START DATASET EXTRACT
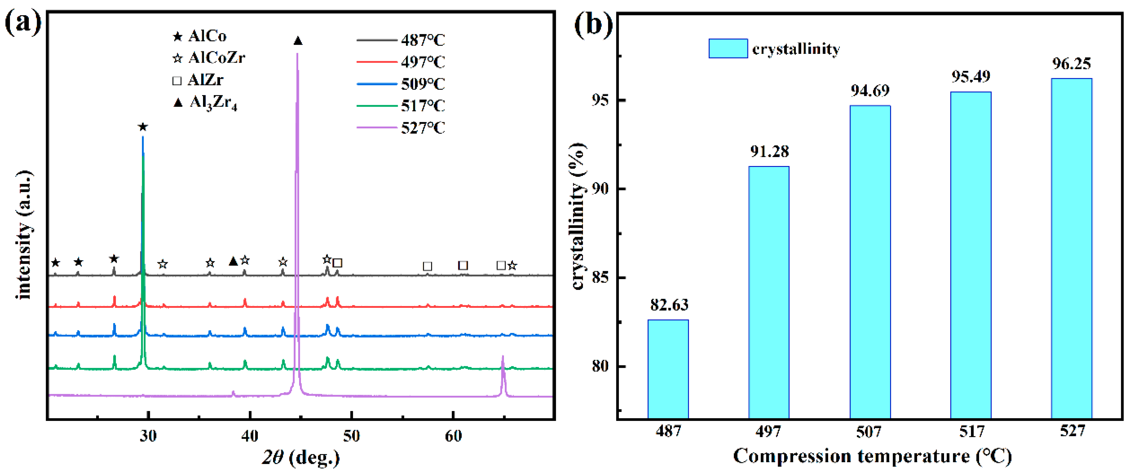 Figure 3a. It was found that within the compression temperature range of 487–517 °C (below the onset crystallization temperature), the crystalline phases in the Zr
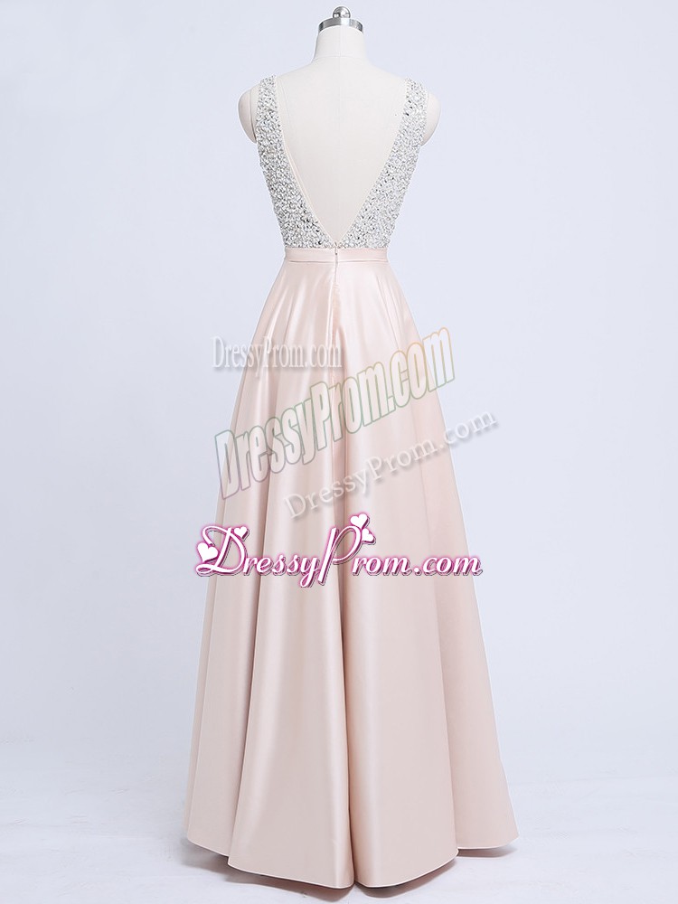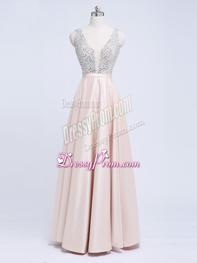 Neckline : V-neckShown Color : ChampagneSilhouette : EmpireSleeve Length : sleevelessHemline : floor lengthBack Detail : BacklessFabric : Elastic Woven SatinEmbellishment : Beading,BeltOccasion : Prom,Sweet 16,QuinceaneraSeason : Spring,Summer,Fall,Winter
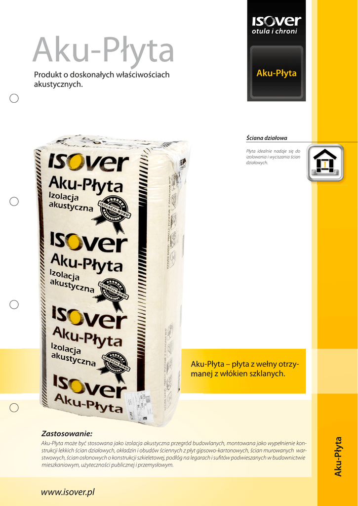 Aku-Płyta Produkt o doskonałych właściwościach akustycznych. Aku-Płyta Ściana działowa Płyta idealnie nadaje się do izolowania i wyciszania ścian działowych. Zastosowanie: Aku-Płyta może być stosowana jako izolacja akustyczna przegród budowlanych, montowana jako wypełnienie konstrukcji lekkich ścian działowych, okładzin i obudów ściennych z płyt gipsowo-kartonowych, ścian murowanych warstwowych, ścian osłonowych o konstrukcji szkieletowej, podłóg na legarach i sufitów podwieszanych w budownictwie mieszkaniowym, użyteczności publicznej i przemysłowym. www.isover.pl Aku-Płyta Aku-Płyta – płyta z wełny otrzymanej z włókien szklanych. Aku-Płyta Płyta charakteryzująca się doskonałymi właściwościami akustycznymi. Dopuszczenia: Polska Norma PN-EN 13162:2002, Atest higieniczny PZH: HK/B/2486/04/2000 Właściwości: nie absorbuje wilgoci doskonałe właściwości akustyczne typowe wymiary do montażu w ściankach działowych wyjątkowa sprężystość gwarantuje dokładne wypełnienie izolowanej przestrzeni Opakowanie: Aku-Płyta jako produkt skompresowany jest dostępna w opakowaniach zbiorczych MPS. Jeden MPS to 20 paczek. Transport i przechowywanie: Aku-Płyta powinna być transportowana i składowana w warunkach uniemożliwiających jej zawilgocenie oraz uszkodzenia mechaniczne. Opór cieplny R: Wymiary: Grubość [mm] RD Numer produktu Grubość [mm] Długość [mm] Szerokość [mm] m2/opak. 50 1,35 1221050 50 1200 600 14,40 75 2,00 1221075 75 1200 600 8,64 100 2,70 1221100 100 1200 600 7,20 120 3,20 1221120 120 1200 600 5,76 150 4,05 1221150 150 1200 600 4,32 Parametry techniczne: Współczynnik przewodzenia ciepła λD = 0,037 [W/mK] Maksymalna temperatura stosowania: tmax = 200°C Klasyfikacja ogniowa: A1 Kod oznaczenia (dla grubości 50 mm): MW-EN13162-T2-MV1-AW0,90 (dla grubości 75 mm i wyższych: MW-EN13162-T2-MV1-AW0,1) Współczynnik pochłaniania dźwięku αp Aku-Płyta Grubość [mm] *AKPROJEKTOWAÃyCIANYWEWNÇTRZNE ZGODNIEZPRZEPISAMI $OBÐRROZWIZAÎWG r)ZOLACYJNOyCIAKUSTYCZNEJ2o! r/DPORNOyCIOGNIOWEJ%)2%) Częstotliwość [Hz] 125 250 500 1000 2000 4000 50 0,20 0,55 0,95 0,95 0,95 1,00 75 0,30 0,85 1,00 1,00 1,00 1,00 75 0,55 1,00 1,00 1,00 1,00 1,00 Aku-Płyta stanowi integralną część Akusto-Matrix, narzędzia ISOVER do projektowania ścianek działowych zgodnie z Polską Normą – akustyka Budowlana. Akusto-Matrix to specjalnie opracowane tabele doboru lekkich ścian działowych, precyzyjnie określających technologię, materiały i sposób ich montażu, tak, aby były spełnione wymogi przepisów pod względem odporności ogniowej, statyki oraz izolacyjności akustycznej w rzeczywistych warunkach budowy. SAINT-GOBAIN ISOVER POLSKA ul. Okrężna 16, 44-100 Gliwice tel.: (032) 339 63 00, faks: (032) 339 64 44; e-mail: [email protected]; Infolinia: 0800 163 121
END DATASET EXTRACT
■ **EXERCISE AIM**
Would you restate, word for word and with no pictures, only the lines from the opening of the material through the line with "Neckline : V-neckShown", both included?

■ **ANSWER TO THIS PROBLEM**
 Figure 3a. It was found that within the compression temperature range of 487–517 °C (below the onset crystallization temperature), the crystalline phases in the Zr
 Neckline : V-neckShown Color : ChampagneSilhouette : EmpireSleeve Length : sleevelessHemline : floor lengthBack Detail : BacklessFabric : Elastic Woven SatinEmbellishment : Beading,BeltOccasion : Prom,Sweet 16,QuinceaneraSeason : Spring,Summer,Fall,Winter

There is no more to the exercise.